Я вышел в коридор. У дверей, на двух стульях, сидели двое людей Ярка. Бритые затылки, чёрные костюмы, внимательные, сканирующие всё вокруг глаза. Увидев меня, они вскочили так резко и синхронно, что их стулья с грохотом опрокинулись.

— Доктор Пирогов! — выпалил один.

— Вы в порядке? — добавил второй.

Ещё бы честь отдали. Или на одно колено встали, как перед монархом. Цирк.

— Отдыхайте, господа, — кивнул я им. — Опасность миновала. Можете возвращаться к обычному графику.

— Приказано охранять вас до особого распоряжения, — отчеканил первый, его лицо было непроницаемым.

— Чьего распоряжение?

— Господина Ярка.

Интересно. Либо Георгий Александрович искренне обо мне заботится, либо следит. А скорее всего — и то, и другое. Профессиональная паранойя телохранителя — полезное качество, пока оно не мешает мне работать.

— Как хотите, — пожал я плечами и пошёл дальше по коридору. — Охранять придется пустую палату. За мной вы не пойдете.

— У нас приказ!

Охранники пытались протестовать, но я просто вышел в коридор. Быстро подпер дверь шваброй, которую оставила уборщица. Так я смогу улизнуть. И они не смогут меня догнать, даже если очень захотят продолжить преследование.

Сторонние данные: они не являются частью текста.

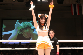 RISEのラウンドガールと言えば、猫耳、尻尾を付けた可愛いミニの衣装でファンを喜ばせているが、大会中に七瀬ななの尻尾が取れるというハプニングが起きていた。七瀬は、取れた尻尾とラウンドボードを手に持ち、恥ずかしがりながらリングを歩いた。
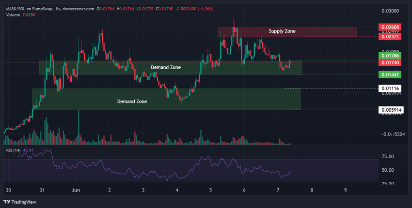 Sementara itu, analisis singkat menunjukkan harga token MASK diperdagangkan dalam zona permintaan antara US$0,01786 dan US$0,01447 pada saat publikasi.
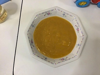 義母は、ペピートはもう上の歯も2本生えてきているし、クラッカーは食べるので、米やパスタ、野菜もピュレではなく塊をあげた方がいいのではないかと言います。ためしに、茹で野菜を小さく切ってあげてみましたが、やはりすぐに口から出してしまいました。

Через пару минут их крики услышит главная медсестра и откроет дверь. Этого времени мне хватит.

Шаг за шагом я возвращался к жизни, к своим делам.

Главная задача — мёртвый метаморф на базе «Северный форт».

В его теле застряла игла моей собственной некромантской энергии, которую я ввёл в него в последние секунды его жизни. Это был не дар и не метка. Это был консервант.

Тончайший некротический импульс, который, как якорь, удерживал его душу на самой границе, не давая ей окончательно покинуть тело.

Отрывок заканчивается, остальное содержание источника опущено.